Take breakfast at Taco Bell. At first thought, a place named after tacos serving breakfast sounds like eating asphalt patch. Then, you try a waffle taco with sausage and holy heck, your world is changed.

Other times, you’re justified. You see a movie with Kevin James in it, and you know it’s a must-skip. Folks skipping have yet to be punished for making that assumption.

Last year, a little team named Ohio State lost its Heisman-contending quarterback before the season started. The Buckeyes started a redshirt freshman, went through the growing pains, and eventually saw him grow into his own version of a Heisman contender in only two months.

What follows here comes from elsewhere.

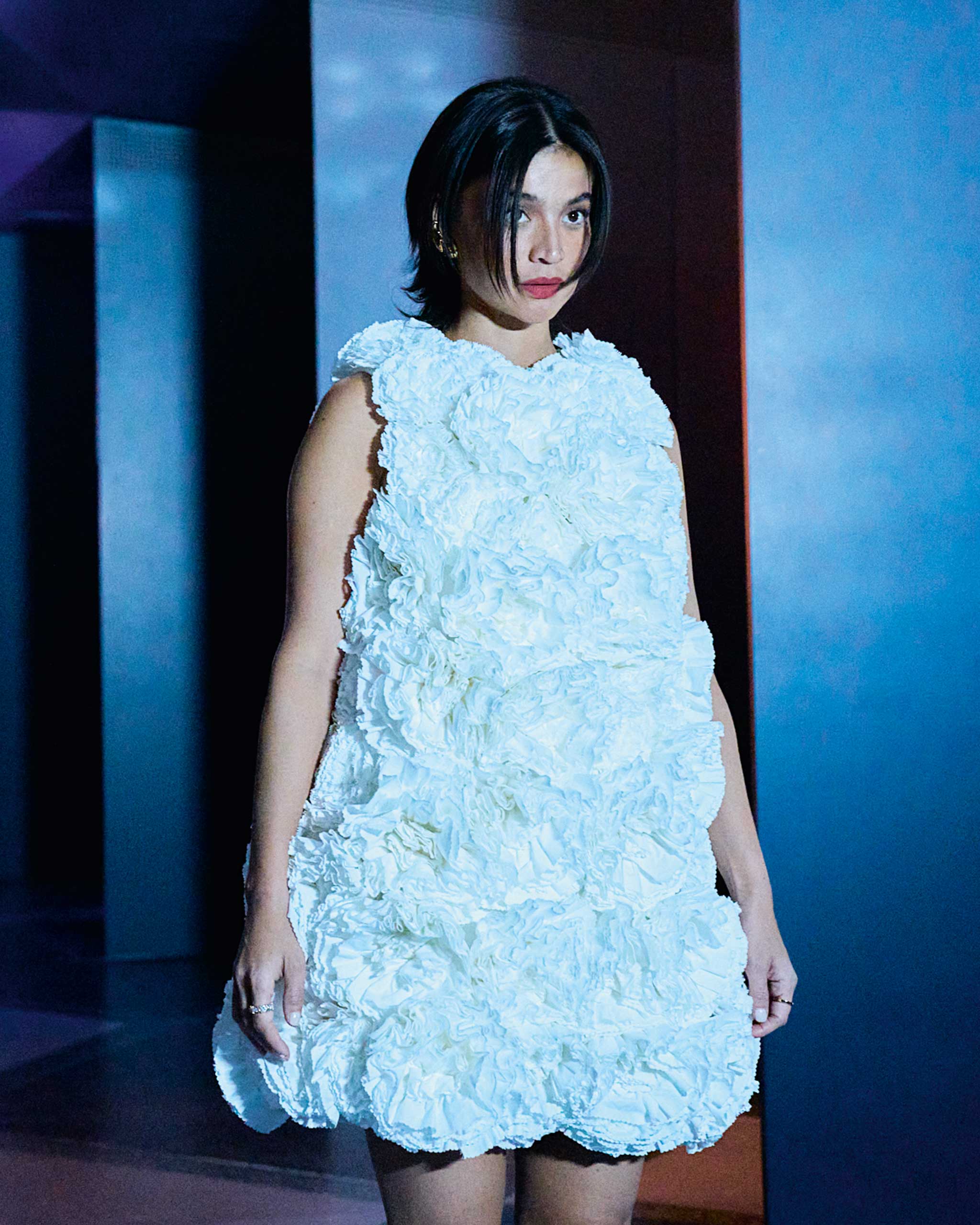 SHUSHU/TONG dress, AMINA MUADDI shoes, and TIFFANY & CO. earrings and rings. Photographed by Regine David for the August 2024 Issue of Vogue Philippines

Then, at the witching hour of the regular season, he got hurt. Enter the third-stringer, some guy named Cardale Jones, and the rest is history. The CFB Playoff committee didn’t pay mind to the injuries when Ohio State came down to the cutting board along with probably (reasonably) five other teams hoping to play for all the marbles.

Baylor lost quarterback Seth Russell, as we (relative to those with their noses in college football) all know this past Saturday. He’s done for the season, and the Bears will turn to Jarrett Stidham, a true freshman, and back him up somehow with a wide receiver.

Absent the fact that Baylor is insane to use a receiver as a backup signal caller — considering its extensive selling points to potential quarterback recruits — one would hope those voting in the polls can look past the assumption of pure doom because Russell is gone.

Often times, injuries are the death knell we think they are. Georgia hasn’t recovered from Nick Chubb this year, for instance. Byron Marshall at Oregon comes immediately to mind as well.

Baylor has the mean streets of the schedule ahead. TCU looms. So does Oklahoma State. Both are unbeaten and prepping the bedroom for a visit from the Bears. Oklahoma is still around as well, for the most part, looking like a contender other than when Texas rises from the dead to pull the Sooners down in the grave.

Come to think of it, across the board, the Big 12 has a lot of title lurkers still hanging around like a fart in an enclosed space.

The committee has shown the ability to make good decisions regarding plastic things like injuries, where we project before we know rather than know and then project. Only in sports are we allowed to do those things.

The reality is that Stidham could be the second coming of Ken Dorsey and will find ways to never lose football games as a quarterback. The point is, we don’t know. Granted, we don’t know about Baylor to this point as it is. The Bears have tested themselves about as much as a lawnmower going over artificial turf.

That’s on Baylor, but eventually, water will find its level, and we’ll figure out who is wearing masks on Halloween, and who is just flat terrifying.

Situations like Ohio State last year are the exception for the most part, not the norm, especially so late in the season and in such big moments. Jones was and remains a special talent with an equally special mindset.

The point is, though, Stidham could be as well. Hell, anyone replacing anyone else could be. When Drew Bledsoe went down to a Mo Lewis hit and some unknown clean-shaven young fellow named Tom Brady stepped in, the Patriots were dead to rights.

The rest … well … you know the rest. Good thing the CFB Playoff committee seems to know, too.